Вдруг он что-то резко сказал, широким шагом дошел до твари, встал за её спиной. Затем схватил её за голову двумя руками, на несколько мгновений замер… Как-то крутанул, да и оторвал от туловища. На землю её обронил, руками встряхнул брезгливо. По сторонам осмотрелся, так же быстро пошел в нашу сторону. Мы все шарахнулись, да уйти бы нам никто не дал. Рядом большая бадья стояла с водой – стал руки отмывать, хоть и были чистые с виду.
Стоял от нас с Яреком шагов за пять. Лицо у этого чужака немного вытянутое, брови такие же, как у первого бледного, только черные. Бороды и усов тоже нет. На лбу обруч кованый с красными камнями. Кожа тонкая, бледная, даже немного сероватая, синие вены видны. Вокруг глаз будто углем неровно намазано… Но темнота исчезла чуть после. Губы бледные… Издалека вообще сначала померещилось, что глаз со ртом и нету – будто череп один. Штаны тоже чёрные, кожаные, в сапоги заправленные. Кафтан расстегнут, а рубахи под ним нет. На шее висели амулеты. Один из них – ключик небольшой… На груди знаки нарисованы, на руны похожие… – дети притихли, но робко улыбались. Бабка это тоже отметила, внутренне радуясь.
– Наверное, навсегда запомнилась его манера. То застынет, как статуя на несколько мгновений. Даже взгляд замирает на месте. После начинает двигаться плавно, как змея перед броском. Потом движение короткое, резкое, и заканчивает он его плавно, и снова замирает, будто забыл, что шевелился. И взгляд тогда был отрешённый. Будто к чему-то прислушивался пристально.

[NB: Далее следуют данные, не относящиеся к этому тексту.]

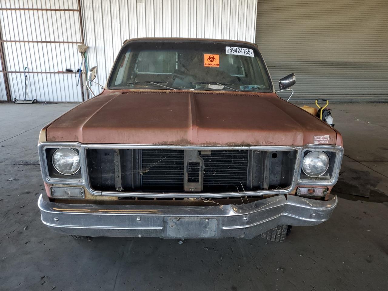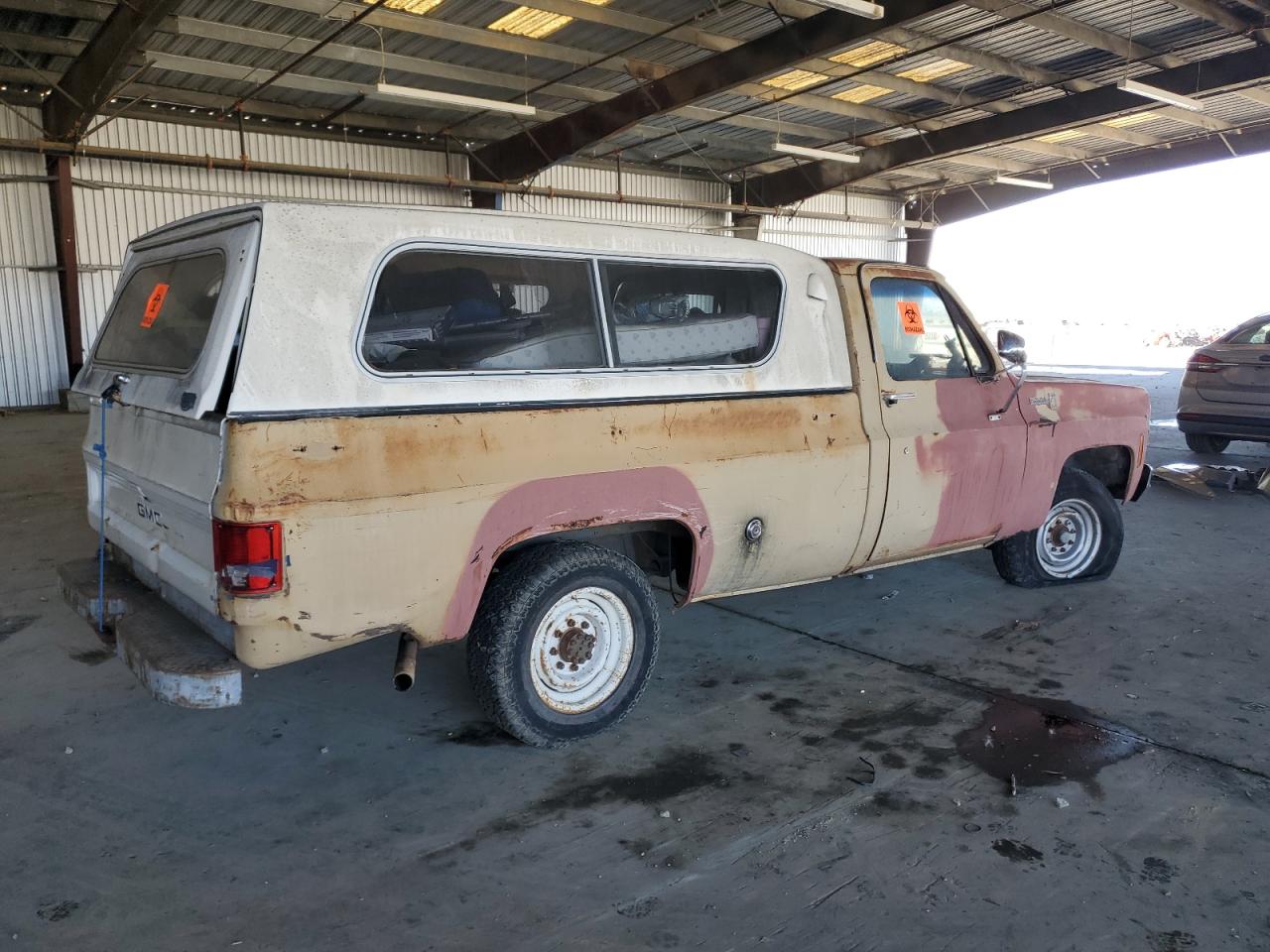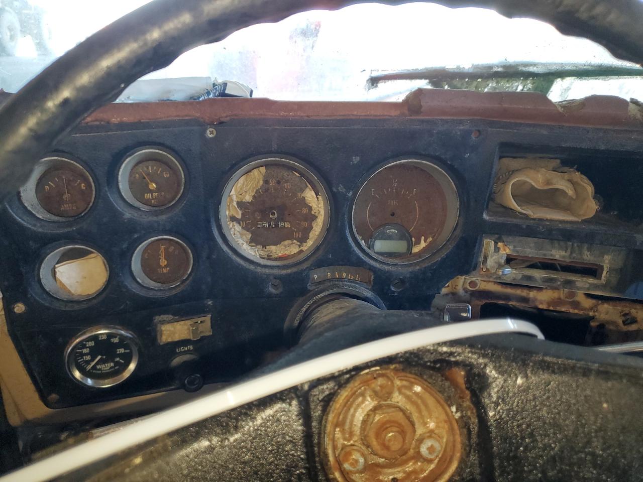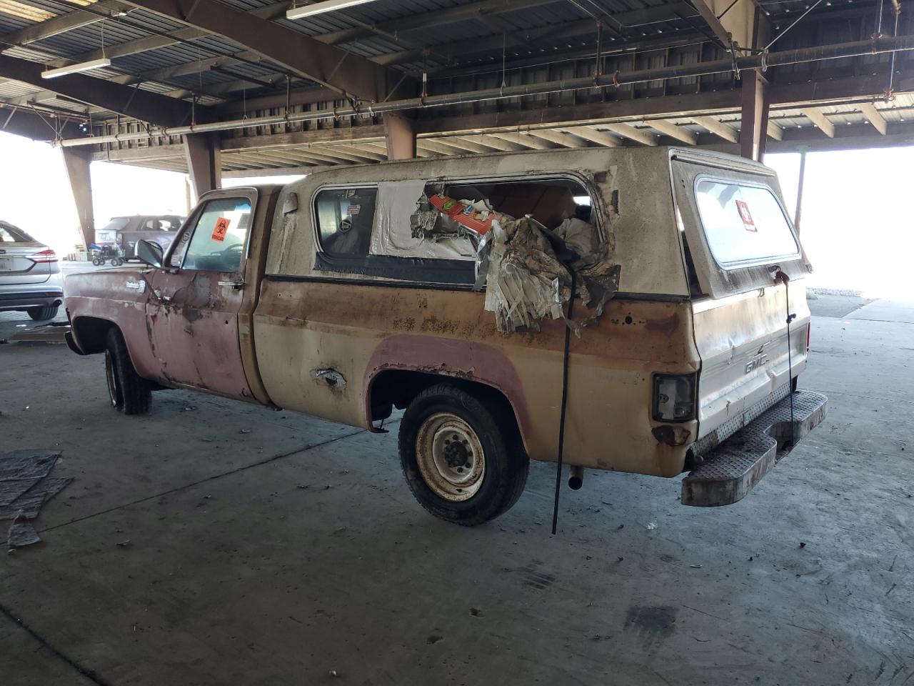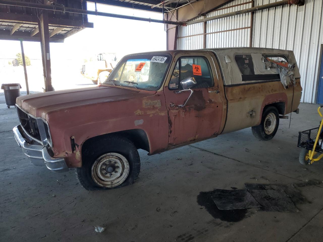 FairThis is a 1974 GMC Sierra, exhibiting significant cosmetic and body damage. The exterior shows signs of rust, dents, and scratches across the panels, and the paint has faded. The interior is in poor condition, with significant damage, and wear. The overall state reflects the need for considerable repairs and restoration.

Он тогда как руки помыл, платок из кармана своего достал, вытер, взгляд куда-то поверх наших голов перевёл. Замер, затем на мгновенье, нахмурился, но скоро брови разгладил. Лицо ничего не выражало… Он быстро от бадьи с водой к нам перешёл. Ярек с самого краю сидел. Ближе всего к чужаку оказался. Тот схватил его за руку, рывком за собой потянул. Думала, на ноги его хочет поставить – но нет. Руку его, местом, где запястье, он к своему рту поднес. Ярек охнул, дернулся было, но замер, и даже обмяк как-то. Уже через мгновение этот, в чёрном, руку отпустил.

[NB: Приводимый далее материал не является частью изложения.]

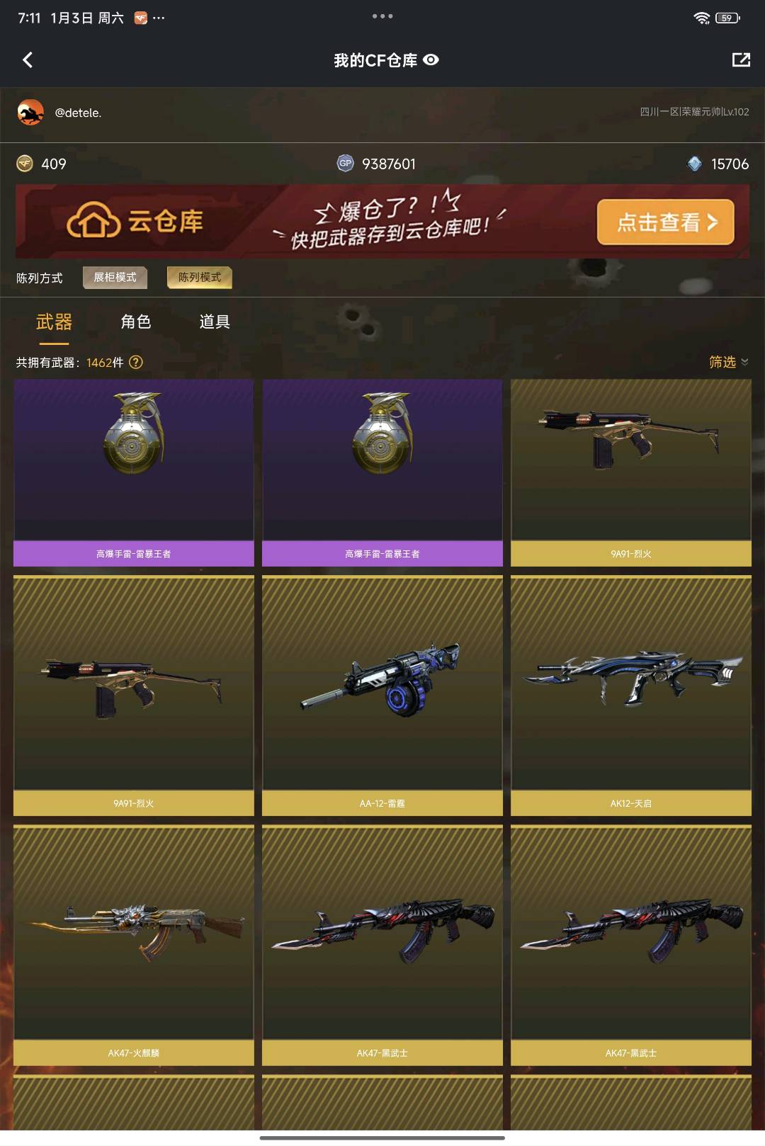 • 游戏区服:穿越火线 / 电信区 / 四川一区

Братец мой наземь осел сразу, за запястье держится, глаза выпучил то ли от испуга, то ли от удивления. А взгляд у чужака кровью налился. Весь белок, затем зрачки будто красными клубами дыма затянуло. Через пару мгновений морок рассеялся, да я его глаза разглядела. От зрачка в радужину колючими льдинками небесный цвет идет, в белизне теряется. А к внутреннему краю, с другого берега, словно чёрный терновник растет. Нет у людей таких глаз… Чужак еще немного постоял, смотря вдаль, потом повернулся к толпе и спросил:
«– Кто староста?»
– Ба, а почему они на деревню твою напали? Нас же они, наоборот, спасли.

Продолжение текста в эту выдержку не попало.